Erste chemische Fabrik

Quelle: Stadtarchiv Hameln

1873 stellten Dr. August Rundspaden (Lebensdaten unbek.) und Dr. Victor Sertürner (1834-1887) beim Magistrat der Stadt Hameln den Antrag, eine Fabrik „pharmaceutisch-chemischer Producte“ errichten zu dürfen. Rundspaden war promovierter Chemiker, Sertürner Apotheker. Der Sohn von Friedrich Sertürner, dem Entdecker des Morphiums, hatte die Rathsapotheke übernommen.

Beide Unternehmer brachten also Fachwissen in die geplante Firma ein, Sertürner überdies Kapital und ein außerhalb der Stadtmauern gelegenes Grundstück. Dort sollte die Fabrik gebaut werden.

Das Gebäude war einstöckig angelegt, es sollte 18 m lang und 7,5 m tief sein. In einem Anbau war – neben einigen Öfen und Kesseln – ein 15 m hoher Schornstein geplant. Insgesamt waren in dem schlichten Gebäude fünf Räume für Produktion und Lager vorgesehen.

Nach einem festgelegten Verfahren wurde das Vorhaben öffentlich gemacht – und erregte Aufsehen. Eine ganze Reihe von Nachbarn, darunter auch Unternehmer, legte Widerspruch ein. So meldete die Witwe des Bäckermeisters Schramm vorsorglich Bedenken an, „falls durch diese Fabrikation Gestank oder gar gesundheitsnachtheilige Ausdünstungen verbreitet werden.“ Der Betreiber der benachbarten Bleiche fürchtete, der Rauch könne sich auf seinen Wäschestücken absetzen.
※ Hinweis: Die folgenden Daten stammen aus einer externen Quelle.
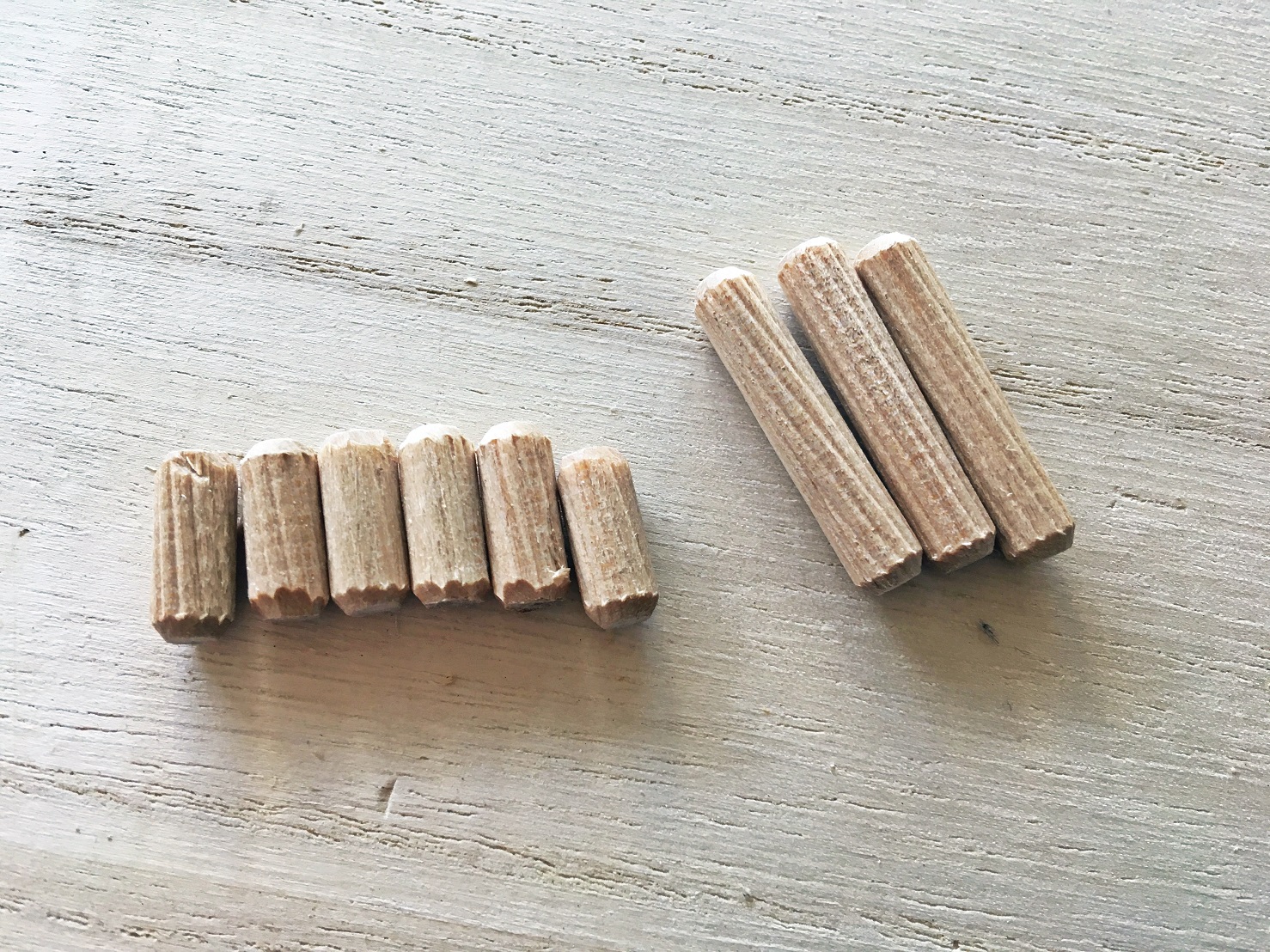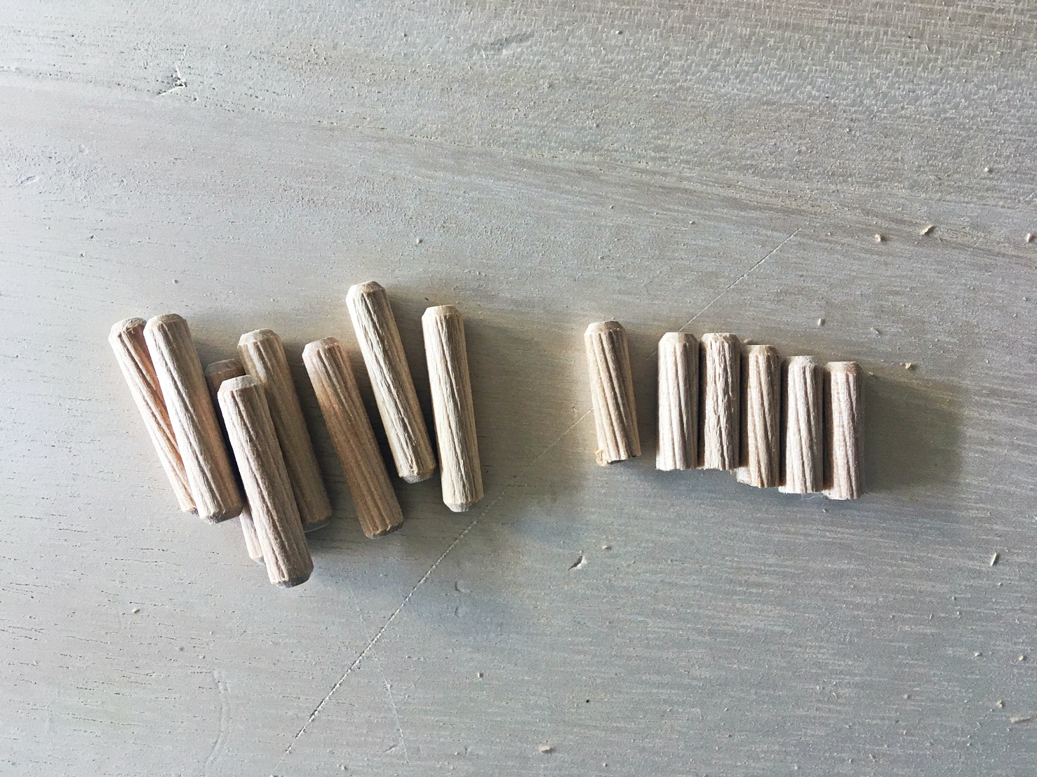 左が完成したお手製のダボです。右が加工前のものです。使用する数のダボを用意したら次の工程に進みましょう。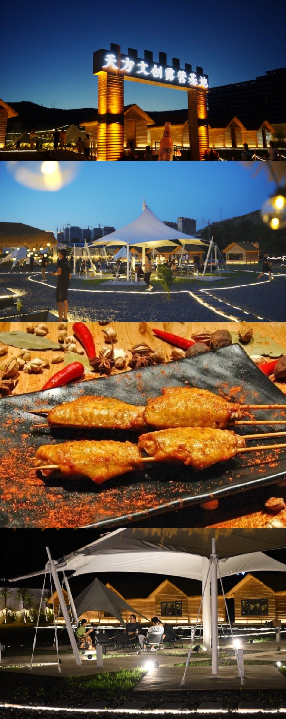【天方文创】位于秦安县郑川新城县医院向南300米,是一家集户外烧烤游玩于一体的露营基地。当夜幕降临,星空温柔地抚摸着大地,“天方文创露营基地”就是一个专为城市喧嚣中的你准备的绿洲。漫步于这个露营基地,你会沉浸在星辰大海,仿佛能触碰到这个宇宙的无尽边际。在这里,为你准备了鲜嫩多汁的鸡翅,香气四溢的羊肉串等多种优质的烧烤食材,再搭配精心甄选的凉菜,让你沉浸在烧烤的狂欢中。当炭火燃烧,美食在烤架上滋滋作响,一切都恰到好处,你可以品味那火焰中的香气,感受美食的温暖与诱惑,与家人共度美好时光,与朋友们分享彼此的故事!在这里,每一个瞬间都会变得难忘,充满欢乐和回忆。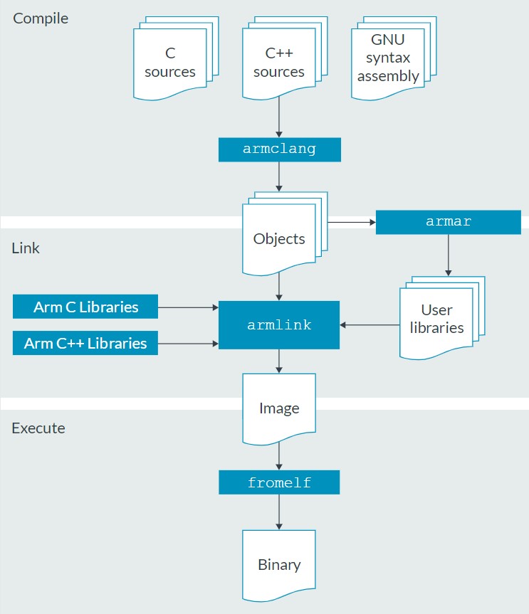 ● armlink:功能豐富的專用嵌入式鏈接器,將對(duì)象和庫結(jié)合起來生成可執(zhí)行文件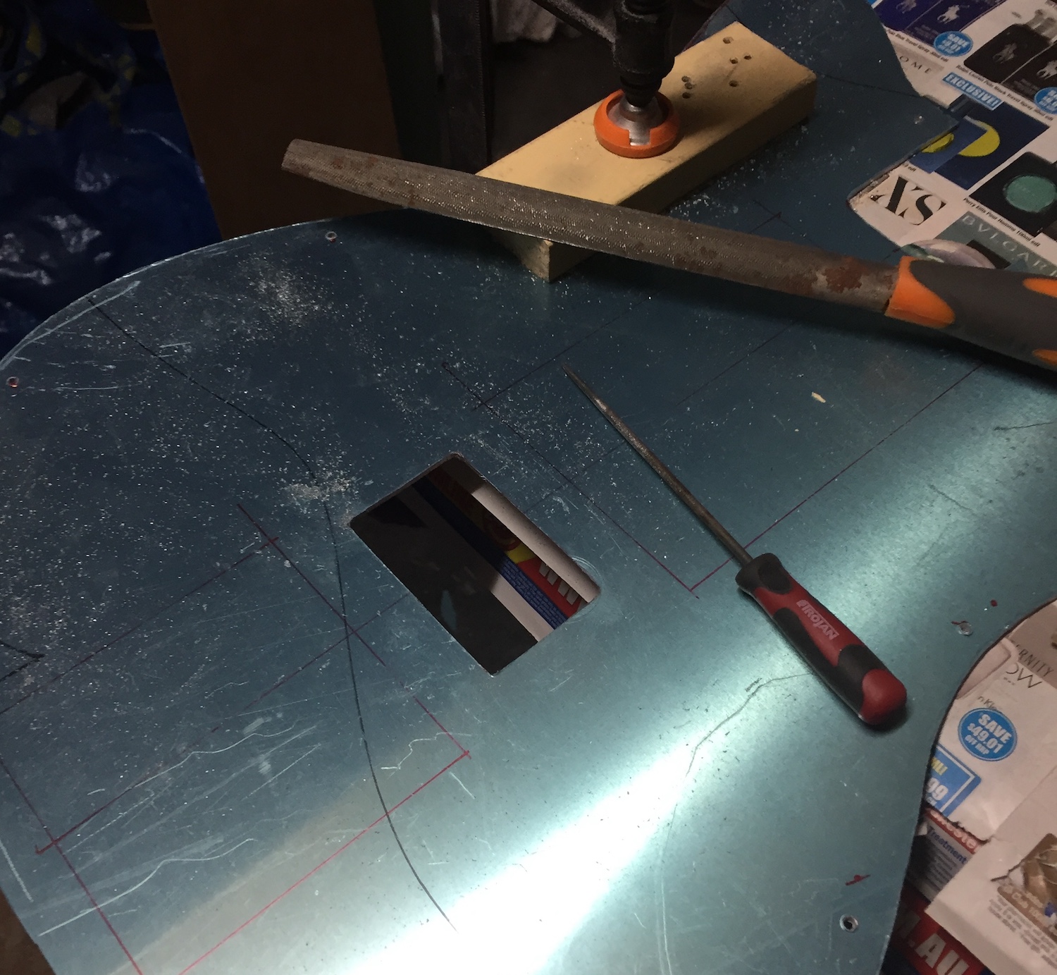 Then drill a hole in it to get the jigsaw blade in, do a rough cutout, then plenty of work with files and I now have a bridge hole!

Letztlich kam es zu einer Einigung und die jungen Unternehmer bauten die Fabrik. Hergestellt wurden pharmazeutische Rohstoffe, die nach den gesetzlichen Vorschriften in jeder Apotheke vorgehalten werden mussten. Der Schwerpunkt lag auf den anorganischen Salzen. Da es Rundspaden gelang, Ferrum hydrogenio reductum in erstklassiger Qualität herzustellen, entwickelte sich das Unternehmen gut. Der Chemiker übernahm den Betrieb bald allein, war der Aufgabe kaufmännisch jedoch nicht gewachsen und scheiterte 1884.

Sertürner übernahm die Fabrik aus der Konkursmasse und versuchte, den Betrieb weiterzuführen. Er stellte den Apotheker Ludwig Klussmann ein, der jedoch glücklos blieb. Klussmann verließ den Betrieb und gründete 1886 seine eigene chemische Fabrik in der Ohsener Straße.

Die chemische Fabrik am Feuergraben stand leer.